Prevention of cleft palate in Tgfbr2 mutant embryos by telmisartan. (A) Lateral, frontal and palatal views of Tgfbr2^fl/fl littermate (WT) and Tgfbr2^fl/fl;Wnt1-Cre (CKO) mice after treatment with vehicle or telmisartan. Arrows indicate the edge of the palate. Open arrowheads show defects in the frontal bone. Appearance of the palate was scored as normal or cleft (below). (B) Histological observation of WT and CKO mice after treatment with vehicle or telmisartan. Lower panels show higher magnification of upper panels. Bars, 500 μm (upper panels) and 200 μm (lower panels). (C) Quantification of BrdU-positive cells in E14.5 palate of Tgfbr2^fl/fl (WT) and Tgfbr2^fl/fl;Wnt1-Cre (CKO) mice with or without telmisartan treatment.
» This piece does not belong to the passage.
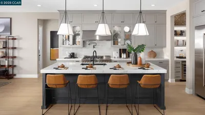 No HOA! Welcome to 310 Ashlee Avenue Mountain House where elegance and tranquility meet. At the heart of this stunning home lies a Zen-inspired courtyard with lush palms a soothing water feature and string lighting that turns evenings into something magical. Step inside to find luxury vinyl plank flooring fresh interior and exterior paint and a custom sliding barn door creating a peaceful home office retreat. The grand living and dining area boast soaring ceilings and abundant natural light while the gourmet kitchen offers refinished cabinetry modern hardware, and stainless steel appliances opening to a cozy family room ideal for relaxing or entertaining. A full bedroom and bath on the main level offer convenience for guests or multi-generational living. Upstairs a bridge walkway overlooks the open living space and leads to two guest bedrooms, a full bath, and a luxurious primary suite with dual sinks, soaking tub separate shower, and walk-in closet. Set on a spacious 8,500± sf lot with no rear neighbors, the backyard features a lawn and patio ideal for gatherings or quiet reflection. The single-car garage has been beautifully converted into an office or mini theatre, while the main two-car garage remains intact. Solar panels add efficiency and value.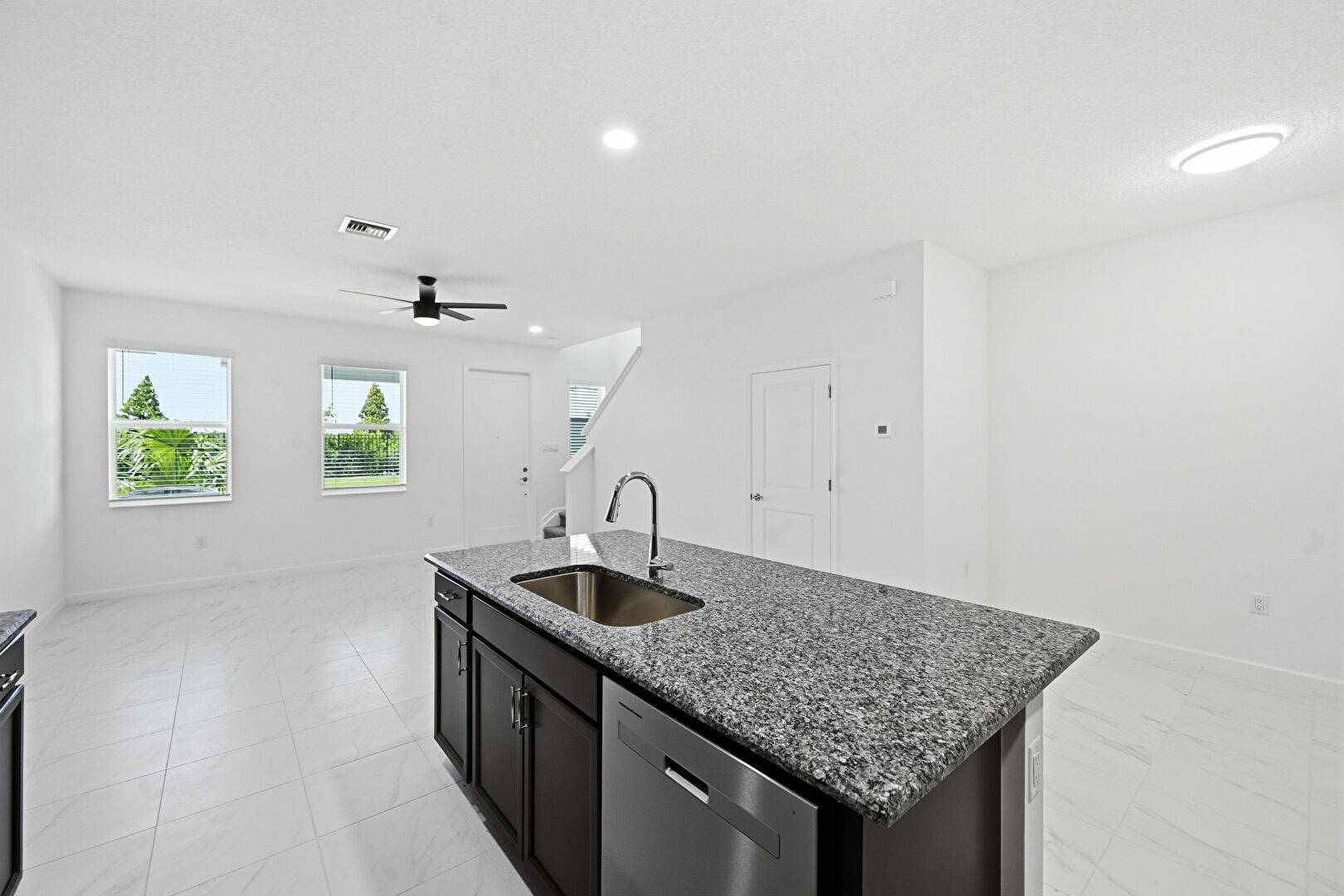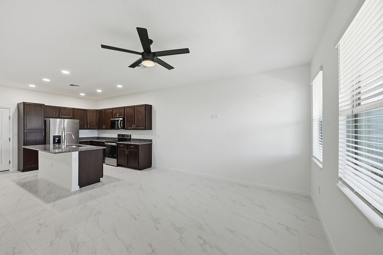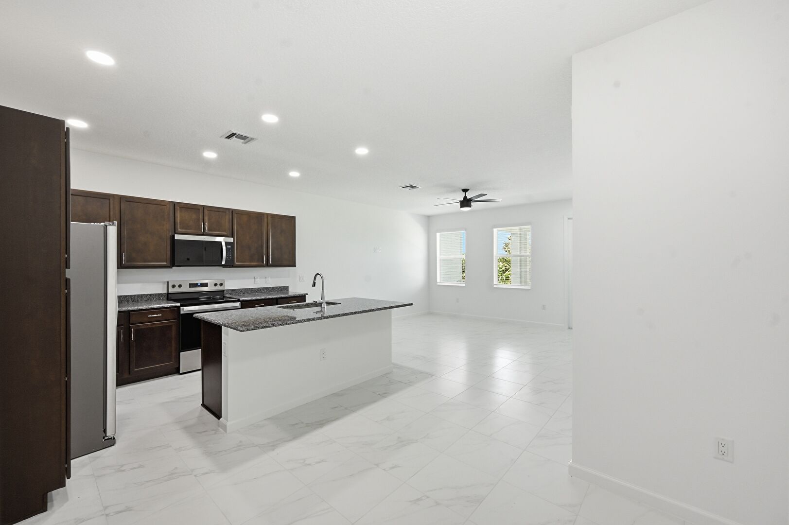 Baseboards Wall, Black Cabinets, Dark Brown Cabinets, Drywall, Kitchen Island, L Shaped Kitchen, Marble Finish Floor, Natural Light, Opens To Living Area, Recessed Lighting, Shaker Cabinets, Stone Countertops, Vent, Ceiling Fan, Dark Brown Cabinets, L Shaped Kitchen, Stone Countertops

White bars, WT; black bars, CKO. Three samples per group were used. ***P < 0.001. (D) Quantitative RT–PCR analyses of Ccnd1 and Ccnd3 in WT and CKO MEPM cells with (w) or without (w/o) telmisartan (Tel) treatment. **P < 0.01, ***P < 0.001. (E) Immunoblotting analysis of p38 and phosphorylated p38 (P-p38) in WT and CKO mice after treatment with vehicle (−) or telmisartan (+). (F) Triacylglycerol level in E18.5 WT (white bars) and CKO (black bars) mice after treatment with telmisartan (+) or vehicle (−). *P < 0.05. (G and H) Quantitative RT–PCR analyses of Adcy2 (E) and Pde4b (F) in E14.5 WT and CKO palates. *P < 0.05.